Inflammation provides a fundamental role in directing the innate immune response against invading microorganisms, promoting adaptive immunity and initiating wound healing following resolution of infection and injury. These processes involve the coordinate activation of multiple cell types and production of secreted factors that are tightly regulated by cell signal transduction pathways. While great emphasis has been placed on how these events promote acute inflammation to combat infection, the dysregulation of these signaling networks and aberrant immune activation can lead to chronic inflammatory disorders through not fully understood mechanisms. Moreover, chronic inflammation is highly associated with multiple forms of cancer, with the link between inflammatory bowel disease and colon cancer representing a prime example of this relationship.
Inflammatory responses are initiated upon activation of pattern recognition receptors (PRRs) that are largely expressed by innate immune cells as well as epithelial cells. These PRRs include cell surface-expressing Toll-like receptors (TLRs) and cytosolic nucleotide-binding, leucine-rich repeat (or NOD-like receptor, NLR) proteins, which recognize conserved microbial components (e.g., LPS and flagellin) or host-derived factors released during cellular injury and death (e.g., extracellular ATP). This large repertoire of sensors allows the innate immune system to react to a diverse range of infectious organisms and cellular insults. While the majority of PRRs promote inflammation, a subset of these proteins perform important anti-inflammatory roles (e.g., NLPR12 and NLRC3) and/or other distinct functions.

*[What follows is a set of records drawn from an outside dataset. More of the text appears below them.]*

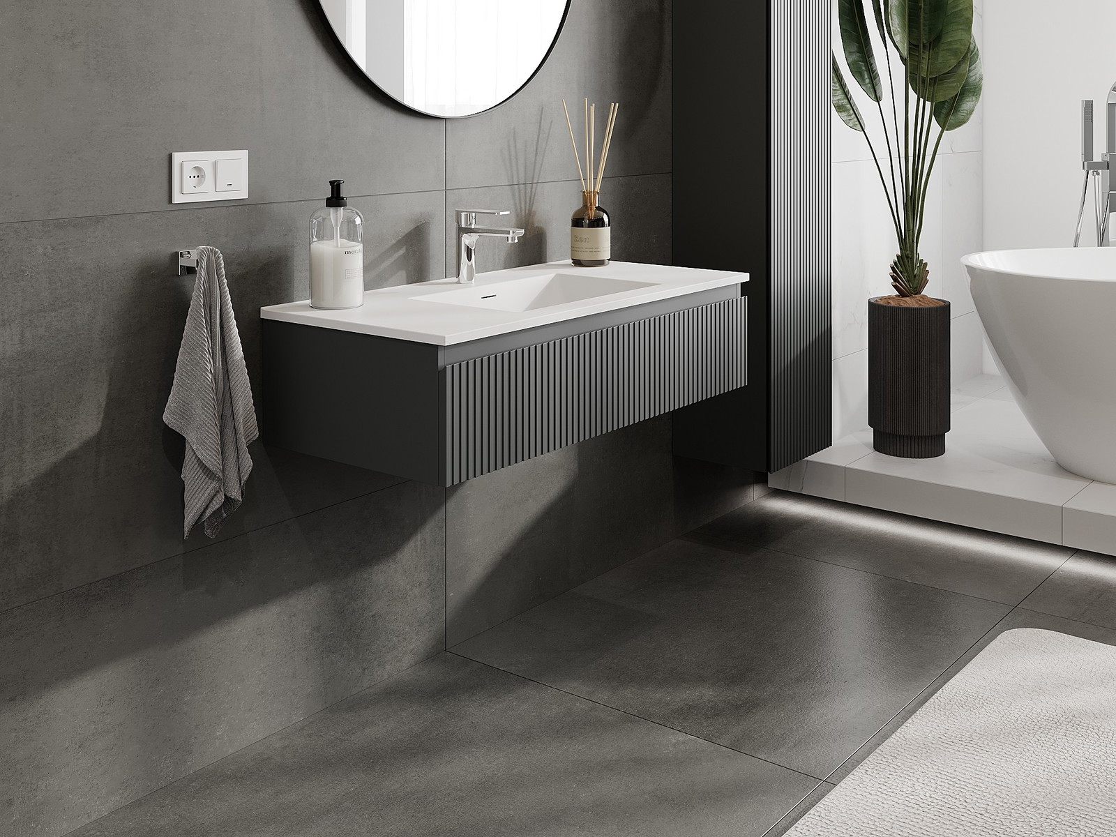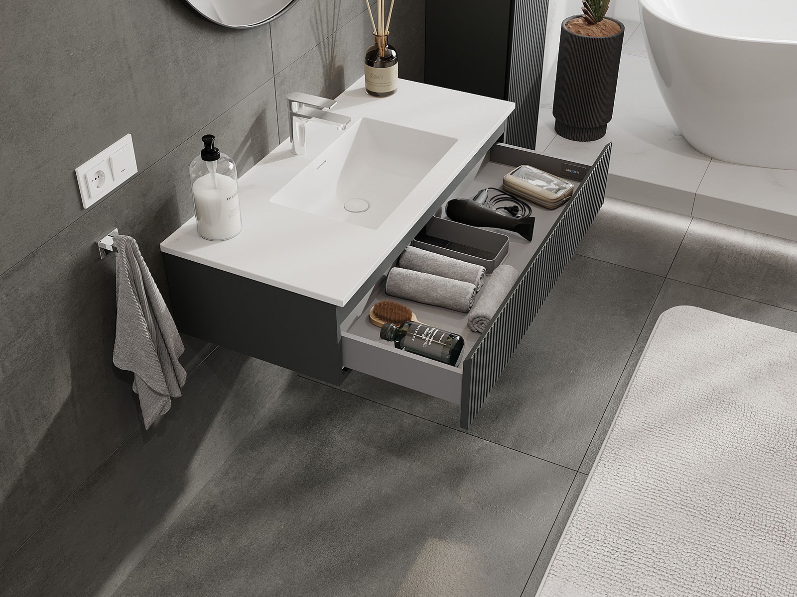 Mexen Rivel meuble de salle de bains 100 cm avec lavabo Otis, 1 tiroir, rainuré, graphite mat/blanc mat
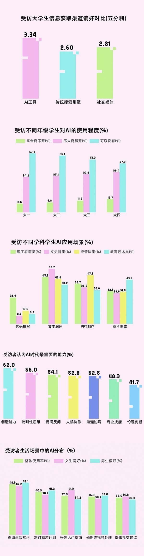 調查發現,查詢生活常識(48.3%)、制訂旅游計劃(40.3%)、提供運動藝術等入門指南(37.0%)、修圖或視頻處理(36.3%)和提供社交建議(35.0%)是AI在受訪大學生生活中應用相對更廣泛的場景。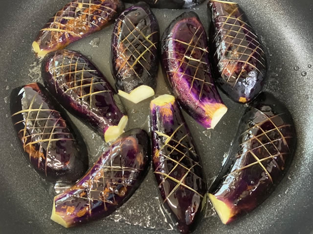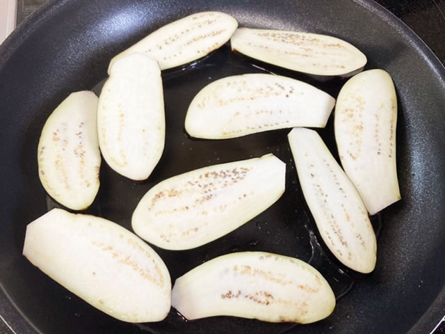 フライパンに油をひき、なすを皮の方から焼いていきます。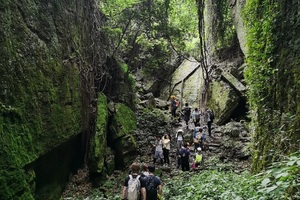 09:00 左右我们从榠楂祖庙开始徒步,列队上山,一路都是土路,约半小时左右到达宁波的一线天。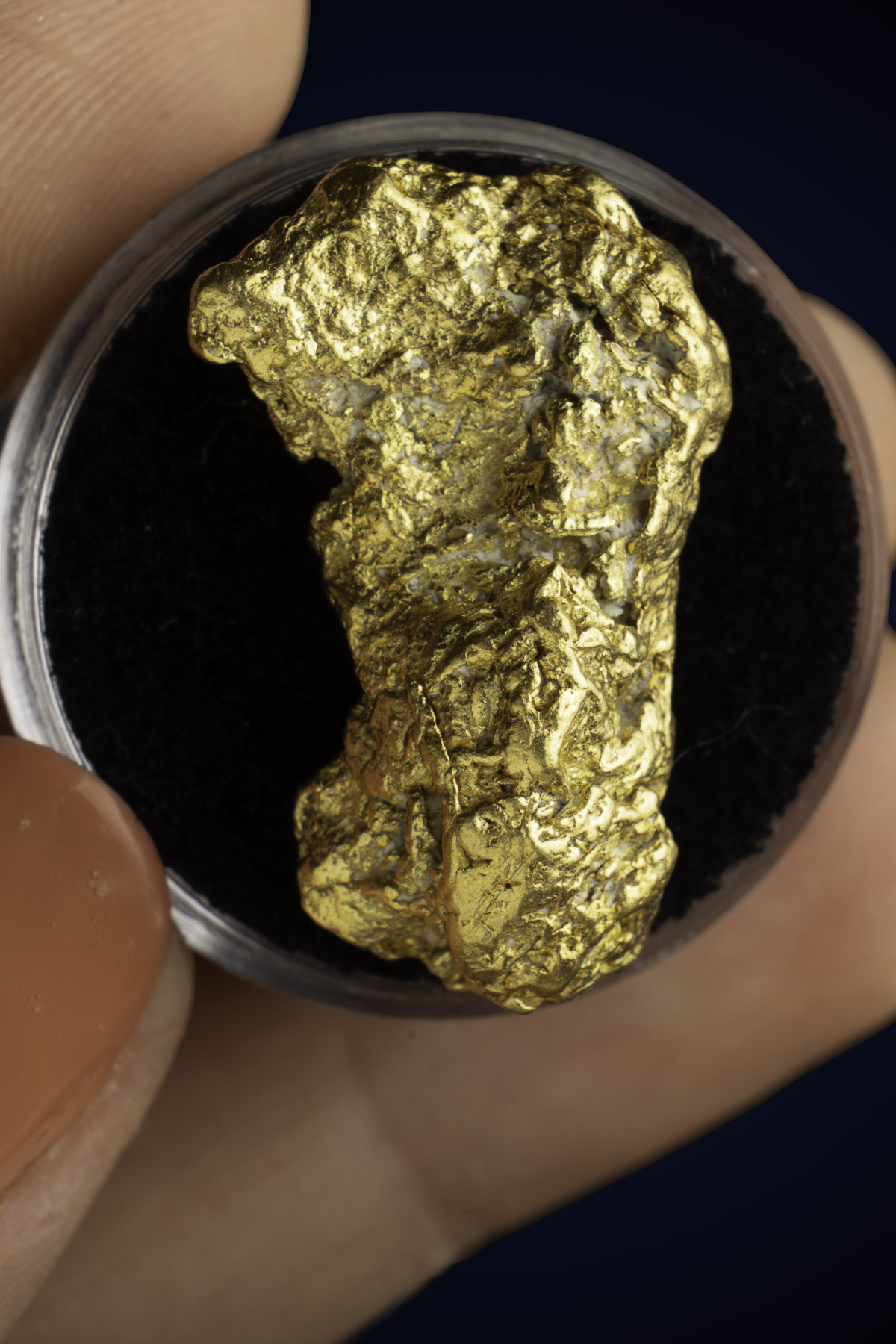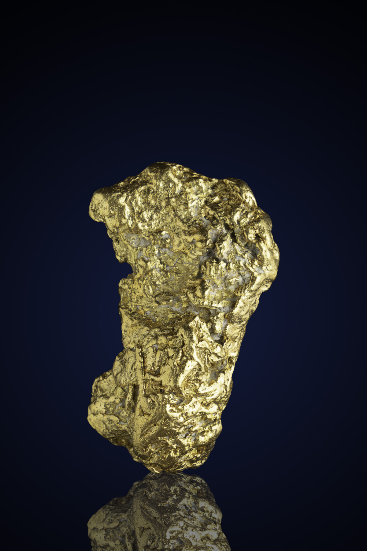 Even rarer are crystallized gold specimens and only about 0.04% of the gold in the world is crystallized. These natural gold nuggets and gold specimens are true - one of a kind - masterpieces from the earth’s natural elements and are found mostly in pockets where the gold was able to crystallize while it formed, much the same way other crystals form deep inside the earth.

One example of dual-functioning PRR is the cytosolic double-stranded DNA sensor Absent in Melanoma 2 (AIM2). DNA binding causes AIM2 to recruit the adapter protein ASC and the pro-form of the enzyme Caspase-1, leading to formation of the multiprotein complex termed the inflammasome. This protein oligomerization event leads to caspase-1 activation and subsequent production of the active pro-inflammatory cytokines IL-1b and IL-18 (see figure), which play an important role in host defense against double stranded DNA viruses and intracellular bacteria. My previous work identified an inflammasome-independent function for AIM2 in suppressing tumorigenesis by acting as a negative regulator of the PI3K/Akt signaling pathway of cellular survival in intestinal epithelial cells, which limits tumorigenesis in multiple models of colon cancer. Previous clinical studies have linked the loss of AIM2 to late-stage metastatic colon cancer and reduced patient survival, suggesting targeting Akt as a personalized therapy for individuals with AIM2 low/null-expressing tumors.
Major topics that will be addressed by my research group include: 1) How dsDNA influences the non-canonical function of AIM2; 2) Understanding the relative contribution and potential cross-talk between the canonical and non-canonical functions of AIM2 in both innate immune cells and epithelial cells; and 3) Elucidating the role of AIM2 during other forms of cancer and chronic inflammatory disorders, with a focus on translational research.